Additionally, we are not dealing with in imperfect government or profit driven business as the other party here, but with God. In this way, I believe we are far better off than we realize, and that not only will God not go out of the way to hold us to the punitive aspects of the contract, but since the eating of the fruit in Genesis has been looking for any opportunity to save us without violating the letter of the law.
So, with all that, here was what I read and how I saw it.

Judges 11:29-40 (NIV Bible). A story of Jephthah, his daughter, and a careless vow.
The common interpretation here (I’m assuming, and with good reason because it is by far the most obvious in this story), is that he sacrificed his daughter as a burning sacrifice to God.

The first thing I noticed was that in Judge 11:29 “Then the Spirit of the Lord came upon Jephthah.”  Now the most obvious reason was to provide him victory against the Ammonites, but I believe it was also to prevent Jephthah from making a vow that would be entirely unacceptable to God, basically providing a loophole, possibly without the judge even realizing it when he spoke it.   In any event, I can’t imagine The Spirit being mentioned and then while still imbued Jephthah making a vow that was specifically so blasphemous as it appears on the surface.

Judges 11:30-31
“And Jephthah made a vow to the Lord: “If you give the Ammonites into my hands, whatever comes out of the door of my house to meet me when I return in triumph from the Ammonites will be the Lord’s, and I will sacrifice it as a burnt offering.”

And then in Judges 11:34 his daughter came out to greet him.

What I noticed about this vow is that it is has three parts- first is “If you give the Ammonites into my hands” the second is “whatever comes out of the door of my house to meet me when I return in triumph from the Ammonites will be the Lord’s” and the third is “and I will sacrifice it as a burnt offering.”

When I looked again I noticed the pronoun mismatch and the two separate agreements made by Jepthah- nothing that would have exited the door to his house to meet him would have been an “it” so what qualifies in this vow as an “it.”  Looking at the middle portion of the vow, both the door of his house, and his house are valid references for “it.”
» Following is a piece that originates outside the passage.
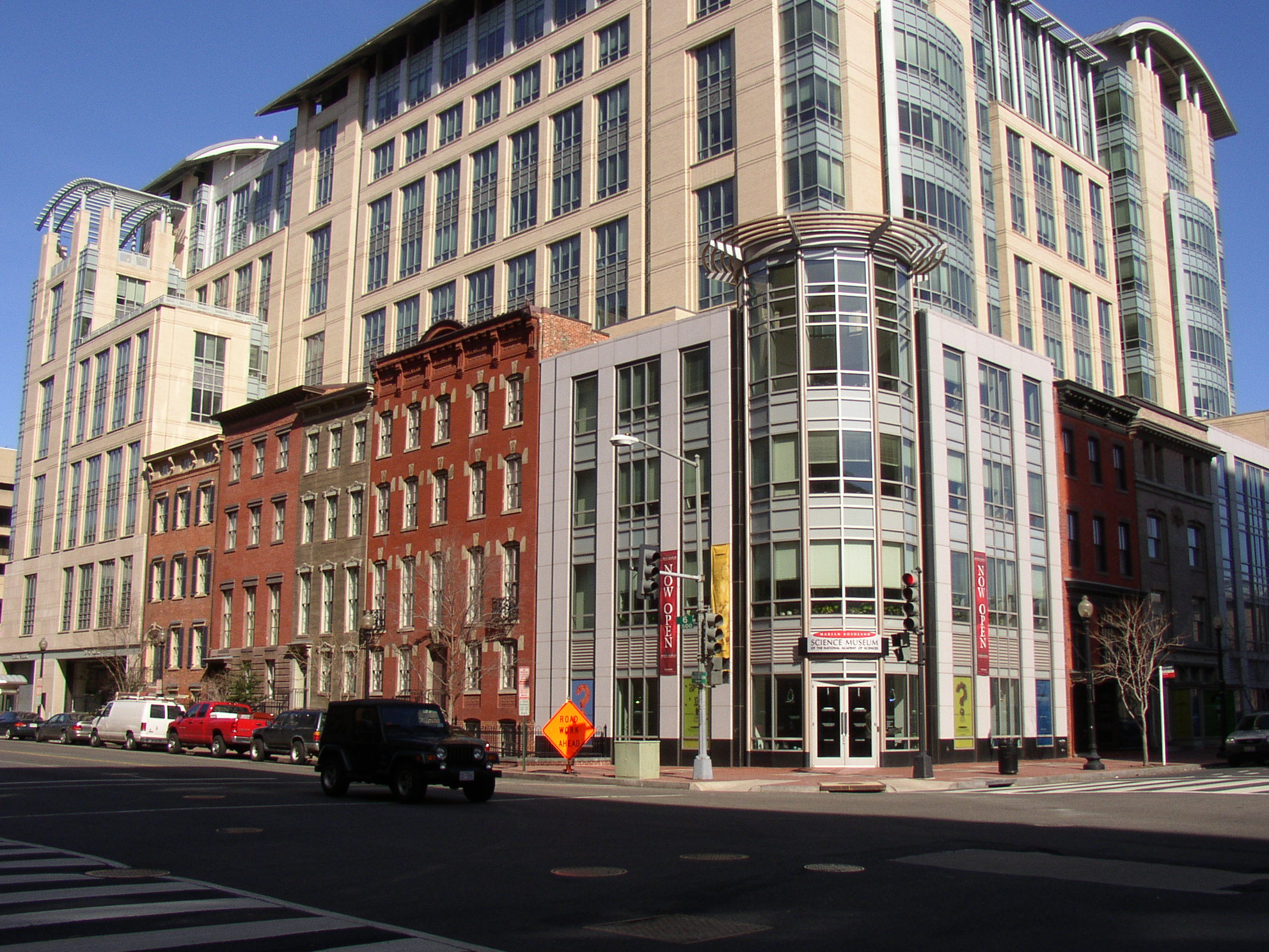 Photo of the Marian Koshland Science Museum in Washington, D.C., USA taken by the uploader on a cold February day in 2007. All rights released. Williamborg 16:32, 25 February 2007 (UTC)

So, by this logic- his daughter would be dedicated or set aside for the Lord (similar to a nun was my thought), and Jephthah either ended up burning down his house or removing his door and burning that.

Reading on, there is a 2 month period where she got to roam the countryside before the vow was fulfilled, then:

Judges 11:39
“After the two months, she returned to her father and he did to her as he had vowed. And she was a virgin.”

To me, this last line of the section conspicuously omits anything like ‘he burned her,’ etc. In my opinion this further supports the fact that the vow was not what it appeared at first glance, or in the most obvious interpretation.

The last hing I noticed is actually in the beginning of the next chapter.  My thought was that if this interpretation were the case, there should have been some reference to burning of the house (or at least the door of the house).  This is when we see something very interesting.  The men of Ephriam were not happy they had been left out, and responded with a very specific threat.  Judges 12:1 “Why did you go fight the Ammonites without calling us to go with you?  We’re going to burn down your house over your head.”  This portion remained unfulfilled, at least they did not catch Jephthah in the blaze, but they may have done it while he was not inside, that is not stated either way.  In any event, it is an interesting threat, conspicuously interjected directly after the fulfillment of a foolish vow taken while imbued with the Spirit of the Lord, with a seemingly intentionally vague outcome.

So in the end, is this a stretch? Yes, of course it is. Does it violate the Letter of the Law though? Not that I see.

I believe that as long as an interpretation does not violate the Letter of the Law, and supports the Spirit of the Law as presented by Jesus, God will go for it hands down.

Hosea 6:6 “For I desire mercy, not sacrifice” quoted by Jesus twice in Matthew 9:13 and Matthew 12:7.


~ by songoflove on January 29, 2017.